SSS explained 7% of the variation in fish larvae density (Table 4). Salinity was one of the important environmental factors affecting the larvae. A survey on the spawning grounds in the Yangtze Estuary [52,53] showed that salinity was an important factor deciding larvae distribution. It affected not only the distribution of larvae, but also their metamorphosis process [9,44]. If the salinity exceeded the tolerance range of larvae, the deformity rate of larvae would increase and the vitality of fry would decrease [54]. The fish larvae were mainly distributed in the waters with SSS being 31.5–34.5 PSU in the WGWs, and the most suitable salinity range for fish larvae was 33.0–33.8 PSU (Figure 2c). This may be due to the strong swimming ability and salt tolerance of fish larvae during the preflexion period. In addition, with the development of individuals and the improvement of organs, the salt tolerance of individuals will be stronger [55]. In the WGWs, the suitable salinity for the spawning ground of Trichiurus haumelais was 33.0–34.5 PSU [41], and the suitable salinity was 33.94–34.92 PSU for Nemipterus virgatus [56], which was consistent with this study. Previous study showed that when the salinity was too high, larvae density decreased sharply; when the salinity was low, larvae density tended to increase [57]. On the one hand, a low salinity level was in line with the osmotic pressure of body fluids of some fish, which was conducive to the growth and development of larvae, and as a result, the survival rate of larvae was high [58,59]. On the other hand, large quantities of fish larvae in the postflexion period appeared in the waters with lower salinity [60]. In contrast, a high salinity level would accelerate the metabolism velocity of larvae, which was unfavorable for the survival of larvae [61]. Salinity could affect the metamorphosis of larvae, also.
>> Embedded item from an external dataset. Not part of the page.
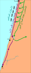 بحلول عام 1192م، قرّر ريتشارد التحرُّكَ من جديد، فتَرَك حاميات في المدن الساحلية يافا وعسقلان، ثم خرج بجيشه باتجاه القدس، لكن الخطابات توالت عليه من إنجلترا تحثّه على العودة سريعًا، فيما عانى من نقصِ الموارد في الصحراء، وغياب الآبار الصالحة للشرب، خاصةً في الحرِّ الشديد وأشعّة الشمسِ الحارقة، ولم يجدوا حتى أشجارًا يختبئون في ظلِّها؛ فسقط عددٌ كبير من القتلى، وضعف الجيش، وانتشرت الأمراض من جديد. قرّر ريتشارد أخيرًا إنشاء معسكره في مدينة ” بيت نوبة أو بيت نقّوبا” على بعد تقريبًا 10 كم من القدس، بينما تراجع صلاح الدين للقدس، وأقام فيها التحصينات وحافظ على جيشه سالمًا، بينما واجهته أزماتٌ مالية وتمرّداتٌ في جيشه، خاصةً مع تقدمه في العمر، ومرضه المتكرر، وضُعْف سلطته على الأمراء.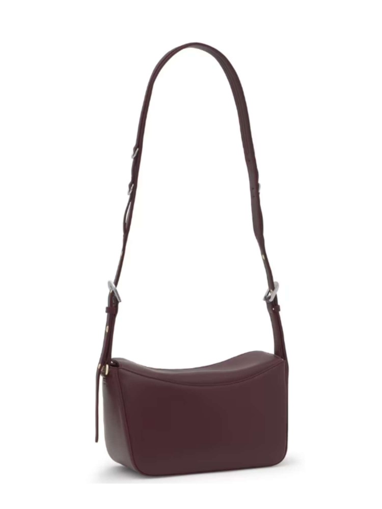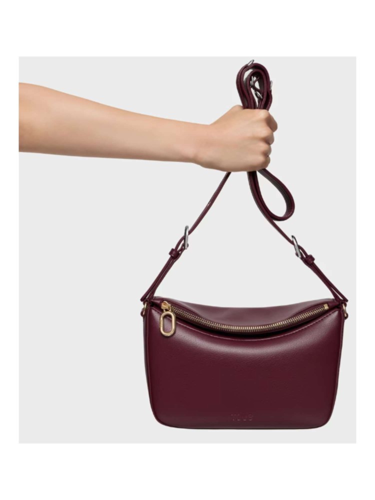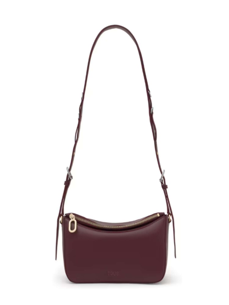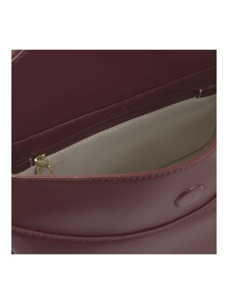 Bolso bandolera mediano TOUS City de poliuretano en color burdeos. Cierre de imán. Bolsillo exterior cremallera y bolsillo interior cremallera. Asa bandolera ajustable. Medidas (alto x ancho x fondo): 16 x 26 x 12 cm.

When the salinity increased, the metamorphosis of larvae was accelerated, causing the reduction in larvae quantity. In addition, the salinity gradient also affected larvae density to a certain degree. Northeast of the WGWs, the salinity gradient was high due to dilution by the Pearl River. In this study, the salinity played a great role on fish larvae density (Table 4). On the contrary, in Laizhou Bay of Bohai Sea, the salinity gradient of the water body was low, because of which the salinity had little effect on larvae density [62].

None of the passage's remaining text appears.